1. Ein Bilderzeugungssystem (1) mit:
(a) einer Bilderzeugungssektion (2) zum Bilden eines Bildes auf einem Blatt (P),
(b) einer ersten Stapelsektion (40A) zum Stapeln des Blatts (P) mit dem darauf durch
die Bilderzeugungssektion (2) ausgebildeten Bild,
(c) einer zweiten Stapelsektion (40B), die an einer von der ersten Stapelsektion unterschiedlichen
Position vorgesehen ist, zum Stapeln des Blatts (P) mit dem darauf durch die Bilderzeugungssektion
ausgebildeten Bild,
(d) einem gemeinsamen Transportweg (32) zum Transportieren des Blatts mit dem darauf
durch die Bilderzeugungssektion (2) ausgebildeten Bild,
(e) einem ersten Transportweg (501A) zum Transportieren des entlang dem gemeinsamen
Transportweg transportierten Blatts zu der ersten Stapelsektion (40A),
(f) einem zweiten Transportweg (502A), welcher länger ist als der erste Transportweg,
zum Transportieren des entlang dem gemeinsamen Transportweg transportierten Blatts
zu der zweiten Stapelsektion (40B),
wobei das System so konfiguriert ist, dass ein Zwischenraum bzw. Intervall zwischen
aufeinanderfolgenden Blättern, die entlang dem gemeinsamen Transportweg zugeführt
werden, geringer ist als eine Transport-Zeitdifferenz zwischen den zweiten und ersten
Transportwegen, wenn Bilder kontinuierlich nacheinander durch die Bilderzeugungssektion
auf den Blättern ausgebildet werden,
(g) einer Schaltsektion (52A) zum Schalten eines Transportwegs des entlang dem gemeinsamen
Transportweg transportierten Blatts zwischen dem ersten Transportweg und dem zweiten
Transportweg, und gekennzeichnet durch:
(h) eine Steuereinrichtung (35), die eingerichtet ist, eine solche Steuerung durchzuführen,
dass, wenn die Schaltsektion in solcher Weise ausgewählt ist, dass ein N-tes Blatt
mit einem darauf ausgebildeten Bild entlang dem zweiten Transportweg transportiert
wird, und ein (N + 1)tes Blatt mit einem darauf ausgebildeten Bild entlang dem ersten
Transportweg während einer kontinuierlichen Bilderzeugung transportiert wird, das
(N + 1)te Blatt auf der ersten Stapelsektion gestapelt wird, nachdem das N-te Blatt
auf der zweiten Stapelsektion gestapelt wurde, wobei N eine natürlich Zahl darstellt.

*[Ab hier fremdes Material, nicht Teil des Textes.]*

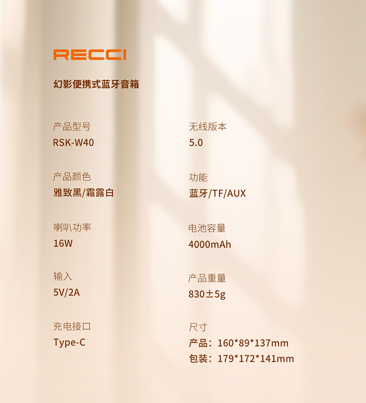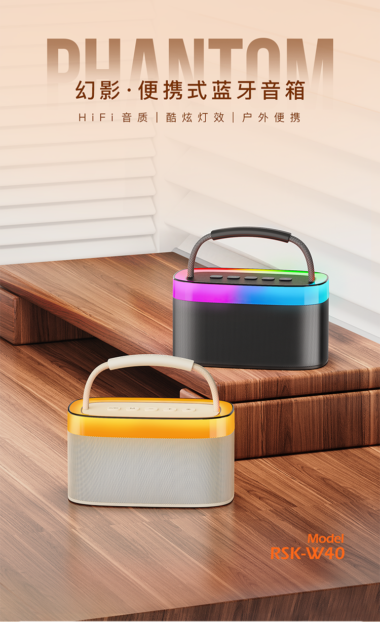 RECCI锐思RSK-W40蓝牙无线音响户外便携支持呼吸灯跑马灯光随声动双喇叭设计超强立体声

2. Das Bilderzeugungssystem gemäß Anspruch 1, wobei dann, wenn die Schaltsektion (52A)
auf solche Weise ausgewählt ist, dass das N-te Blatt entlang dem zweiten Transportweg
transportiert wird und das (N + 1)te Blatt entlang dem ersten Transportweg transportiert
wird, die Steuereinrichtung so konfiguriert ist, dass sie die Steuerung ausführt,
um ein Intervall zwischen dem N-ten Blatt und dem (N + 1)ten Blatt größer zu wählen
als ein Intervall zwischen aufeinanderfolgenden Blättern, die kontinuierlich zu einer
der ersten und zweiten Stapelsektion gefördert werden, wodurch das (N + 1)te Blatt
auf der ersten Stapelsektion (40A) gestapelt wird, nachdem das N-te Blatt auf der
zweiten Stapelsektion (40B) gestapelt worden ist.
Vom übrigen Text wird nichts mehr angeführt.